[INFORMATION PROVIDED]
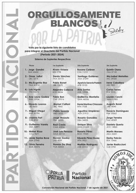 Los convencionales tendrán dos listas para votar. Por un lado la que presentó el senador Jorge Gandini, líder de “Por la Patria”, y por otro la lista que reúne al resto de los sectores del Partido Nacional.
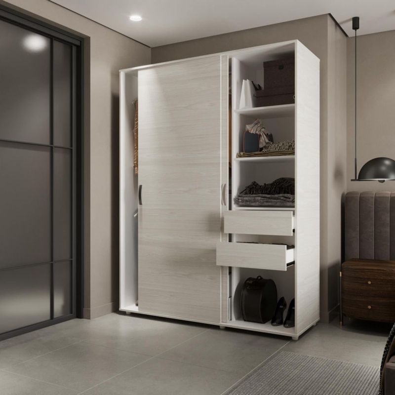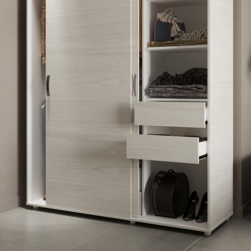 MueblesRecámaraClosets y ArmariosCloset Ropero Maderkit 150 x 200 x 50 cm puertas 2 cajones 2 modelo Berlin color Niebla Blanco
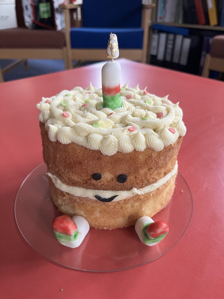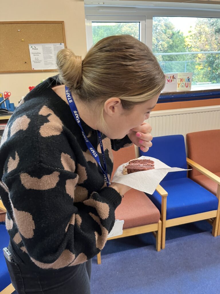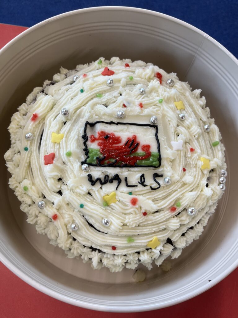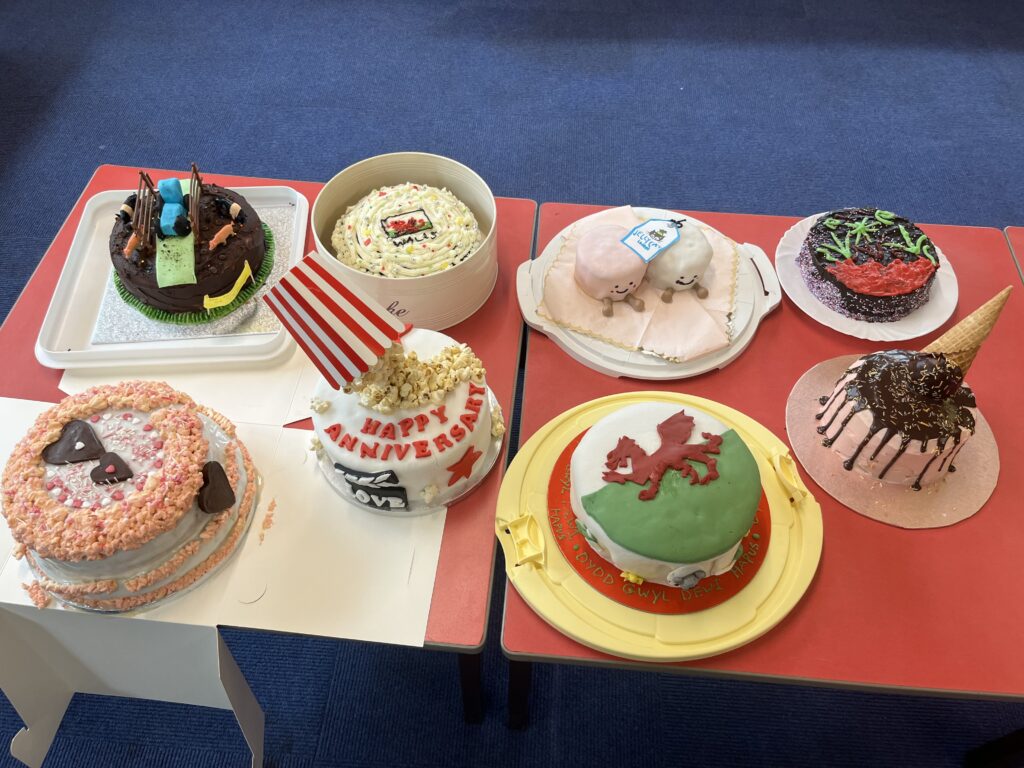 Look what our wonderful bakers managed…! They were judged on decoration, layers and taste! Roedden nhw’n blasus iawn. Da iawn, bawb! Pob lwc to our baker in the next round!
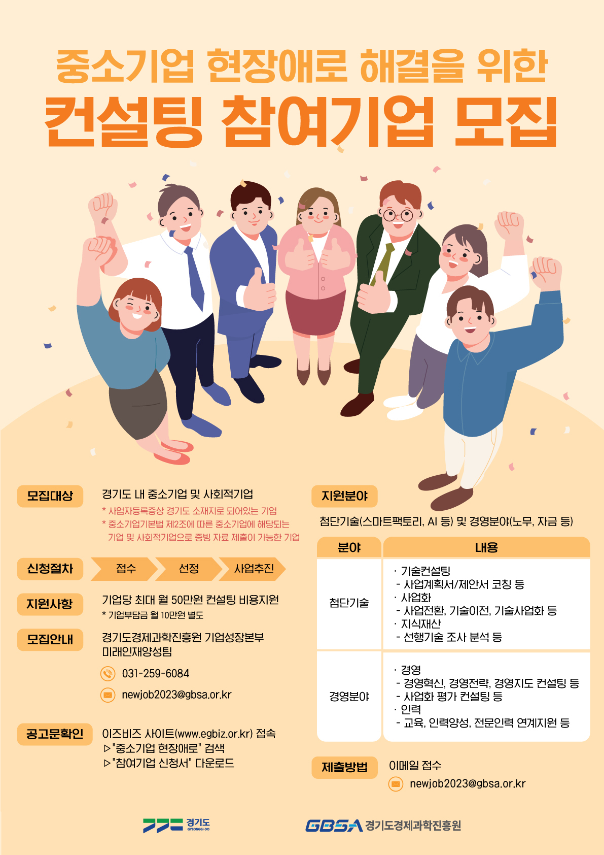 2023 Áß¼Ò±â¾÷ ÇöÀå¾Ö·Î ÇØ°áÀ» À§ÇÑ ÄÁ¼³ÆÃ Âü¿©±â¾÷ ¸ðÁý °æ±âµµ°æÁ¦°úÇÐÁøÈï¿ø¿¡¼´Â ÇöÀå °æÇèÀÌ ¿ì¼öÇÑ ÅðÁ÷ÀηÂÀ» Ȱ¿ëÇÏ¿© °æ±âµµ ¼ÒÀçÇÏ´Â Áß¼Ò±â¾÷À» ´ë»óÀ¸·Î ºÐ¾ßº°(÷´Ü±â¼ú, °æ¿µºÐ¾ß) ±â¾÷ ¸Â..

[YOUR TASK] Leave out every picture, and copy exactly the lines from the line that contains "Look what our" through the end of the material.

[ANSWER SPACE]
 Look what our wonderful bakers managed…! They were judged on decoration, layers and taste! Roedden nhw’n blasus iawn. Da iawn, bawb! Pob lwc to our baker in the next round!
 2023 Áß¼Ò±â¾÷ ÇöÀå¾Ö·Î ÇØ°áÀ» À§ÇÑ ÄÁ¼³ÆÃ Âü¿©±â¾÷ ¸ðÁý °æ±âµµ°æÁ¦°úÇÐÁøÈï¿ø¿¡¼´Â ÇöÀå °æÇèÀÌ ¿ì¼öÇÑ ÅðÁ÷ÀηÂÀ» Ȱ¿ëÇÏ¿© °æ±âµµ ¼ÒÀçÇÏ´Â Áß¼Ò±â¾÷À» ´ë»óÀ¸·Î ºÐ¾ßº°(÷´Ü±â¼ú, °æ¿µºÐ¾ß) ±â¾÷ ¸Â..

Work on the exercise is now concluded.